We offer deep tech knowledge across industries: Rohit Pande, IBM India

Rohit Pande, IBM India/South Asia talks to Dataquest about the role played by the digital twin technology across the industry.

Aanchal Ghatak
New Update
IBM India

Rohit Pande, Country Head – AI Applications, IBM India/South Asia talks to Dataquest about the role played by the digital twin technology across the industry.


What solutions does IBM offer for a digital twin?

IBM has been involved with digital twins since the Apollo space program. IBM’s Real-Time Computer Complex (RTCC) was an IBM computing and data processing system at NASA’s Manned Spacecraft Center in Houston. It collected, processed, and sent to Mission Control information that directed every phase of an Apollo mission. The RTCC was so fast there was virtually no time between receiving and solving a computing problem.

IBM continues to do a lot of work with digital twin technologies, especially around our IBM Maximo solutions. And the applications keep growing across different industries. For instance, one of our global innovations has been bringing augmented reality (AR) into asset management.


The IBM Maximo lab services ‘turns on’ much visual and voice (natural language processing) feature for our clients’ workforce. This enables them to see their assets in a new dimension and get instant access to critical data. Those insights can be fed back to others using an AR helmet with voice and video in the visor. This makes ‘interacting’ the next evolution of work.

Our offerings are built upon IBM’s deep industry and technology knowledge across all industries. IBM supports our clients at all stages in the product lifecycle from inception to recycling or disposal.

How is digital twin crucial to the development of IoT technology?


A digital twin uses data from connected sensors that are part of the IoT setup to tell the story of an asset all the way through its life-cycle, from testing to using in the real world. With IoT data, we can measure specific indicators of asset health and performance, like temperature and humidity, for example.

By incorporating this data into the digital twin for, let’s say, an automotive OEM, the engineers will have a full view into how the vehicle is performing, through real-time feedback from the vehicle itself. Anyone looking at the digital twin will be able to see crucial information about how the physical thing is doing out there in the real world.

What this means is that a digital twin is a vital tool to help engineers and operators understand not only how products are performing, but how they will perform in the future. Analysis of the data from the connected sensors, combined with other sources of information, allows the organisations to make those predictions using solutions for digital twins like IBM Maximo Application Suite. With this information, they can learn more, faster. They can also break down old boundaries surrounding product innovation, complex lifecycles, and value creation.


How will the implementation of AI and data analytics in the digital twin help gain more insights?

Digital twins can help organisations stay ahead of digital disruption by understanding changing customer preferences, customisations, and experiences. This knowledge means businesses can deliver products more rapidly, with higher quality, from the components to the code. Yet the promise of digital twin can still go further.

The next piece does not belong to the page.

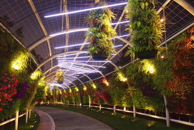 這一段的棚架終於有掛植物了,晚上都沒人很好拍,
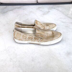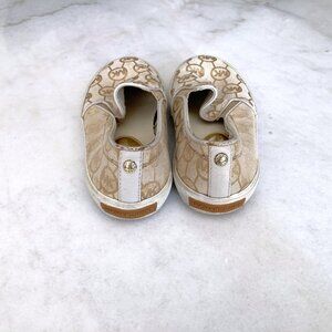 Michael Kors logo slip on sneaker / canvas shoe (tan beige cream white) print

The use of cognitive computing technologies like AI and analytics increases the abilities and scientific disciplines in the digital twin. Technologies and techniques such as natural language processing (NLP), machine learning, object/visual recognition, acoustic analytics, and signal processing are just a few of the features augmenting traditional engineering skills.

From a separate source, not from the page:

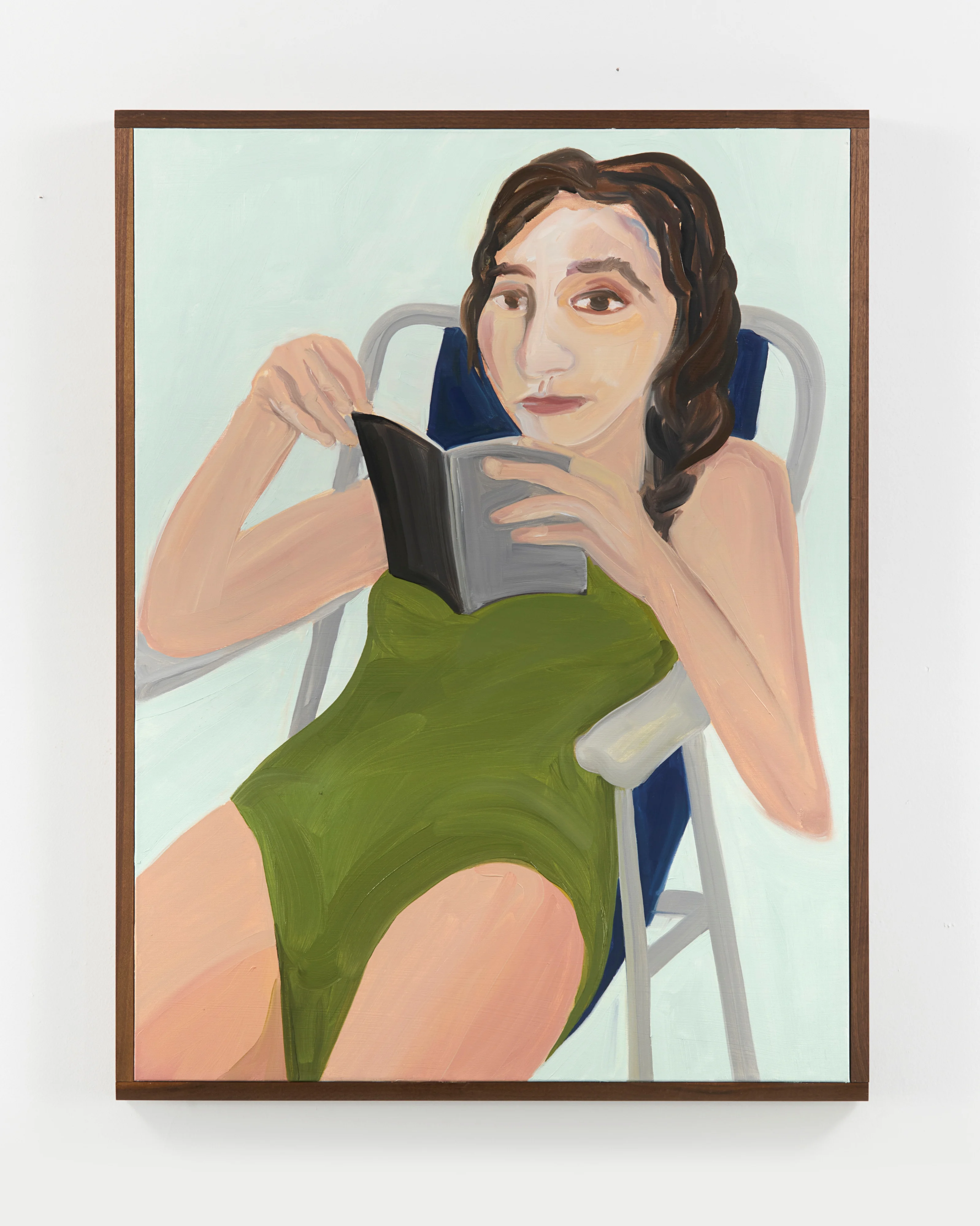 Phoebe reading grey book

For example, using cognitive to improve testing a digital twin can determine which product tests should be run more frequently. It can also help decide which should be retired. Cognitive digital twins can take us beyond human intuition to design and refine future machines. No more ‘one-size-fits-all model. Instead, machines are individually customised. That’s because the cognitive digital twin is not just about what we are building, but for whom.